Extract from ABC News
Home Affairs Minister Peter Dutton's office fast-tracked a one-off $880,000 grant proposal to a retail association eight days after it made a $1,500 political donation to the Queensland Liberal National Party — at an event Mr Dutton attended — for the purpose of personally supporting him.
Key points:
- The National Retail Association (NRA) made a $1,500 donation to the Queensland LNP, saying it was to support Peter Dutton
- One week later Mr Dutton asked that an application by the NRA for a funding grant "be considered sooner"
- Mr Dutton said any suggestion he would be influenced "by a lawful donation to the LNP" was "false and highly defamatory"

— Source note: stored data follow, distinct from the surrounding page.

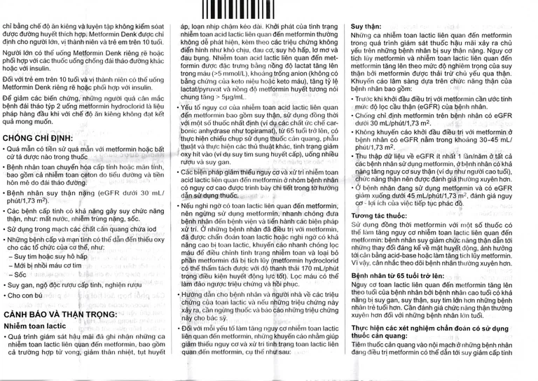 Dùng ở bệnh nhân lớn tuổi: Vì tiềm năng giảm chức năng thận ở người già, nên chỉnh liều Metformin Denk 1000 dựa trên chức năng thận. Vì lý do này, cần thiết đánh giá thường xuyên chức năng thận.
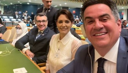 Michelle Bolsonaro e Ciro Nogueira na Assembleia da ONU — Foto: Reprodução
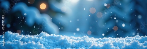 Soft snow falling on blurred blue background with glowing bokeh lights, creating peaceful winter ambiance, background, falling snow

7.30 can reveal that Mr Dutton awarded a one-off "national security and criminal justice" grant to the Queensland-based National Retail Association, which represents employers in the retail and fast food industry.
The revelation is part of a cache of ministerial briefings obtained by 7.30 under freedom of information laws that set out Mr Dutton's awarding of grants from within a multi-million-dollar fund earmarked to support crime prevention efforts.

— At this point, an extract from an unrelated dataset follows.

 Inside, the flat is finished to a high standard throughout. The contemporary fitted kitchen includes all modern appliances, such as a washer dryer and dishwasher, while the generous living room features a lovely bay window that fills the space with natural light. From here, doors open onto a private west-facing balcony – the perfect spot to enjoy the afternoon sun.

The grant was not awarded through any open or competitive grant scheme, but was awarded on a one-off basis by Mr Dutton. It appears Mr Dutton has only awarded a handful of one-off grants since he became Home Affairs Minister.

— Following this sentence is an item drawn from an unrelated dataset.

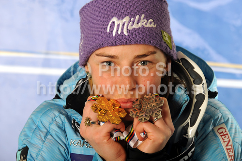 : Winner Tina Maze of Slovenia celebrates her medal won in Women giant slalom race of FIS alpine skiing World Championships in Garmisch-Partenkirchen, Germany. Women giant slalom race of FIS alpine skiing World Championships, was held on Thursday, 17th of February 2011, in Garmisch-Partenkirchen, Germany.

Legal experts have told 7.30 that Mr Dutton's consideration of the grant funding after the association donated to the Queensland LNP may give rise to a perceived conflict of interest, which could be considered a breach of Prime Minister Scott Morrison's ministerial standards.
Those standards require ministers to "observe relevant standards of procedural fairness" and to "ensure that official decisions made by them as ministers are unaffected by bias or irrelevant consideration, such as consideration of private advantage or disadvantage".
"When the minister is exercising discretion to award a very large sum of money to a party, which only one week before had made a donation for his ultimate benefit, really there's obvious room to infer a conflict," Geoffrey Watson SC, a director of the Centre for Public Integrity, told 7.30.
"Without knowing what Mr Dutton was thinking … it just looks on the face of it as though there was a breach of the code.
"But of course, he may have a good explanation for that. He should give it."
Mr Dutton controls the approval of these one-off grants, the amount of funding awarded and any conditions attached to the grants.